Just a suggestion.... maybe split into paragraphs so its easier for people to read, i got lost so many times. 


Sent from my iPhone using Tapatalk

Reactions: Like 1 | Agree 4 | Winner 1


----------



## Bulldog (7/8/18)

I am sure this is an isolated case @IVapesDaNicotine Sure I have only used their online service but only have praise for the online service.

Reactions: Agree 1


----------



## IVapesDaNicotine (7/8/18)

Bulldog said:


> I am sure this is an isolated case @IVapesDaNicotine Sure I have only used their online service but only have praise for the online service.

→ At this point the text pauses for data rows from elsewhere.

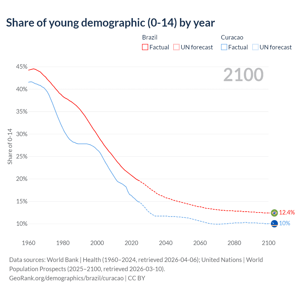 - The share of young demographic (0-15 years old) in Brazil is 19.7% vs 14.9% in Curacao.
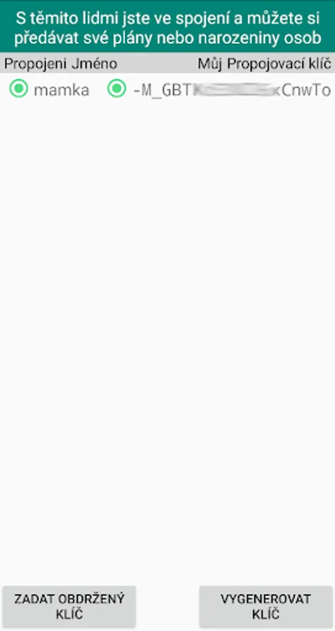 After logging in to the Google Firebase online database, you will also be able to forward selected people's birthdays and joint plans to another person, to whom you will connect using a unique number.
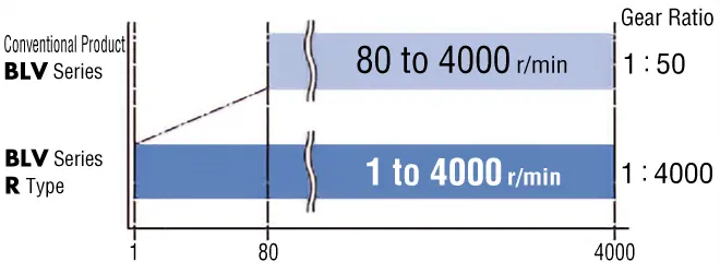 Low speed range from 1 r/min provides stable operation for smoother starts and stops.
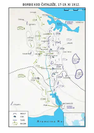 Битва розпочалося 17 листопада з артилерійської підготовки і наступу болгарських військ. До 9 години ранку три болгарські дивізії увійшли в кілька прифронтових сіл, але опівдні до берега підійшли турецькі монітори і вогнем підтримали сухопутні війська. Увечері болгарській армії вдалося трохи просунутися вперед, зайнявши кілька редутів противника. У ніч на 18 листопада турецькі війська контратакували, відкинувши болгар на вихідні позиції. Рівна кількість сил у протиборчих сторін, втома болгарської і деморалізованість турецької армій змусили сторони припинити військові дії і почати мирні переговори в Лондоні. Переговори були зірвані в початку 1913 року турецькою стороною, через що війна відновилася.
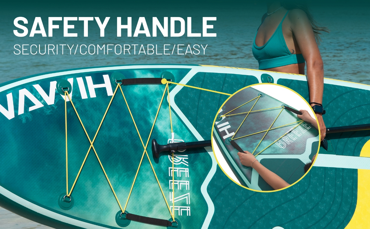 دو دسته ایمنی در جلوی تخته پدل بورد هایویو وجود دارد. زمانی که افراد در جلوی تخته مینشینند، میتوانند برای اطمینان از ایمنی، این دستهها را بگیرند.
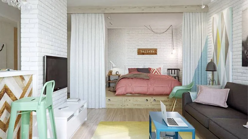 При наличии маленькой спальни симпатичное решение – подиум, внутрь которого прячутся спальные места. Сверху получится поставить любую другую мебель, а на ночь из-под конструкции будет появляться удобная двуспальная кровать.
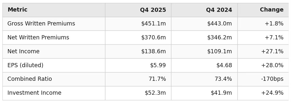 Q4 2025 was Kinsale’s strongest quarter of the year: combined ratio of 71.7%, net income +27.1%, EPS $5.99. The full-year FY2025 picture is one of growth deceleration (+5.7% GWP) offset by exceptional underwriting quality (combined ratio 75.9%) and a fast-compounding investment income stream ($192.2m). Q1 2026 results are due April 23, 2026.
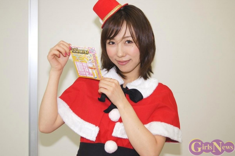 「1階でアイスを販売しています。各階にアイドル達がいてみなさんをお待ちしておりますので、ぜひ遊びに来てください。1月25日に私の新作DVDが発売します。そしてミスFLASH2012候補にエントリーしていますので投票をお願いします」とコメントした。
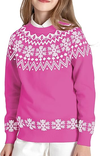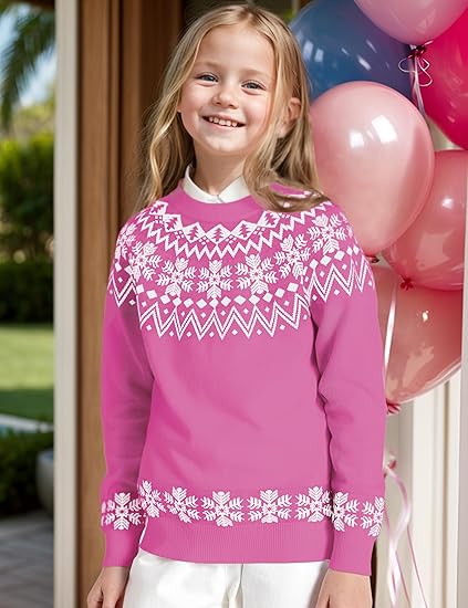 Girls Sweaters 100% Cotton Kids Sweater Holiday Teen Winter Pullover Crew Neck Long Sleeve Knit Top(Dark Pink & Snowflake)
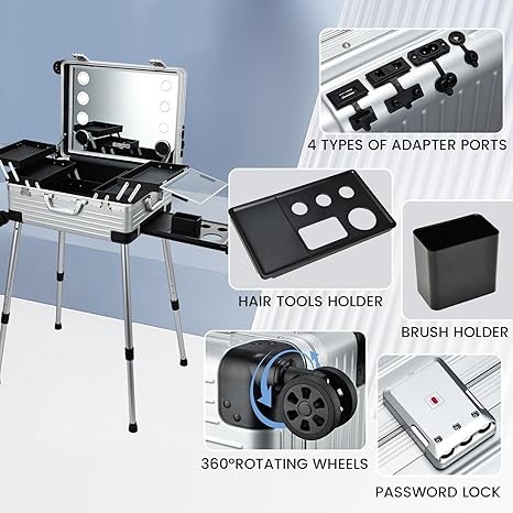 • 【4 POWER OUTLETS】- The aluminum trolley travel makeup train case features four outlets, including a power outlet with a cord, a universal outlet for hair tools like blow dryers or curlers, a mobile outlet with a cord, and USB ports to easily charge smartphones. 【PASSWORD LOCK】- Secure your belongings with a state-of-the-art digital safe lock that requires a three-code password for access, eliminating the hassle of searching for keys every time you need to unlock it.
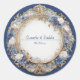 Make your celebration unforgettable with this Midnight Blue Victorian Floral Wedding Sticker, a stunning blend of regal sophistication and romantic charm. This ornate design features an intricately detailed gold frame layered over a rich midnight blue background, adorned with soft ivory roses, powder blue petals, and delicate florals. The central space is ideal for custom names, initials, wedding dates, or a meaningful message—making this sticker both elegant and versatile.
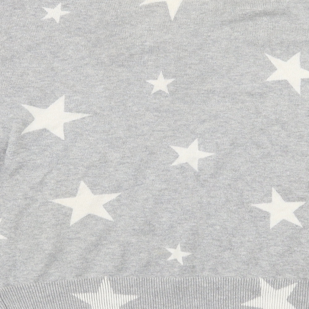 Womens Grey V-Neck Geometric Cotton Pullover Jumper Size S
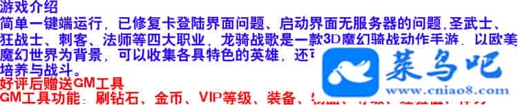 龙骑战歌手机网游一键端修复卡登陆无服务支持手机支持局域网
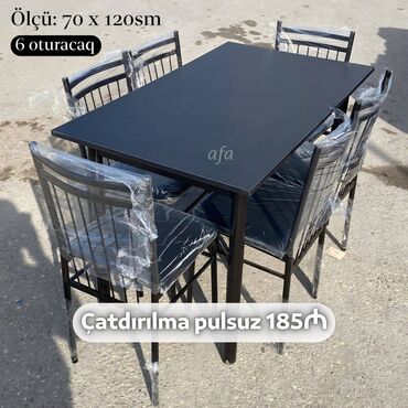 Restoran, kafe, bağ, mətbəx və s üçün masa destleri Masa + 6 Stul 215 azn Masa ölçü: 80x120 Masa+stullar açılıb yığılır Yeni və Hazır Çatdırılma şəhər daxili pulsuz Elani Screen Edib Watcapa Gonder...
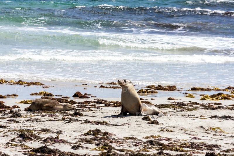 Два австралийских морских льва (Neophoca cinerea) на пляже острова Кенгуру, Южная Австралия, залив Сил
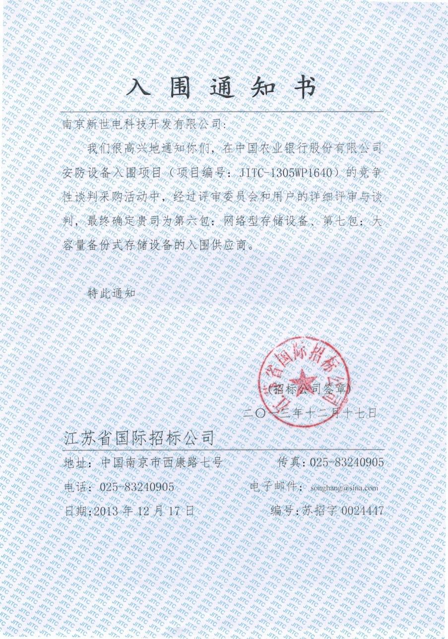 2013年12月17日,公司接到中國農業銀行總行通知,新世電在中國農業銀行股份有限公司安防設備入圍項目(項目編號:JITC-1305WP1640)的競爭性談判采購中,經評審委員會和用戶的詳細評審與談判,最終確定新世電為第六包:網絡型存儲設備、第七包:大容量備份式存儲設備的入圍供應商。
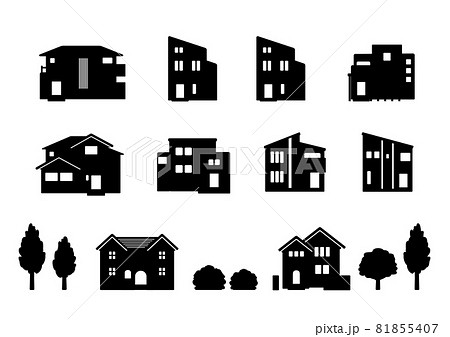 建物アイコン 不動産 家 住宅 戸建て シンプル イラスト セット バリエーション 線画 ベクター

Really? I can't imagine that from where im sitting but hey im glad you got service from them.


----------



## Gizmo (7/8/18)

Hi there IVapesDaNicotine,

I am sorry you have experienced bad service. Unfortunately, some stores including Menyln Maine store are franchisee stores, they might not carry the full range of products. We did inform you that we can help arrange a collection at that store if you could pay before hand via EFT and then we would have to send the stock to that store. No EFT was made. We also tried to phone you yesterday to no answer. Most of our Franchisee stores collect once a week.

What I can do to help you for the inconvenience is ship for free if you can please pay EFT upfront of R450.00.

Reactions: Like 2


----------



## IVapesDaNicotine (7/8/18)

Gizmo said:


> Hi there IVapesDaNicotine,
> 
> I am sorry you have experienced bad service. Unfortunately, some stores including Menyln Maine store are franchisee stores, they might not carry the full range of products. We did inform you that we can help arrange a collection at that store if you could pay before hand via EFT and then we would have to send the stock to that store. No EFT was made. We also tried to phone you yesterday to no answer. Most of our Franchisee stores collect once a week.
> 
> What I can do to help you for the inconvenience is ship for free if you can please pay EFT upfront of R450.00.


there was no mention of paying eft as it would have been easy to do.
im going to add the email you guys sent me after a few minutes you are lying


----------



## Gizmo (7/8/18)

IVapesDaNicotine said:


> there was no mention of paying EFT as it would have been easy to do.



If that is the case, then my warehouse manager will get flack for this. This what was told to me. I apologize again.

Reactions: Like 2


----------



## IVapesDaNicotine (7/8/18)

Gizmo said:


> If that is the case, then my warehouse manager will get flack for this. This what was told to me. I apologize again.


Thats fine then i guess, anyway please cancel the order. i order small to avoid problems like this on bigger orders. i test the water.

Reactions: Informative 1


----------



## IVapesDaNicotine (7/8/18)

Here is the email that was sent


----------



## IVapesDaNicotine (7/8/18)

Cornelius said:


> That mail states collection from Kyalami , not Menlyn Maine....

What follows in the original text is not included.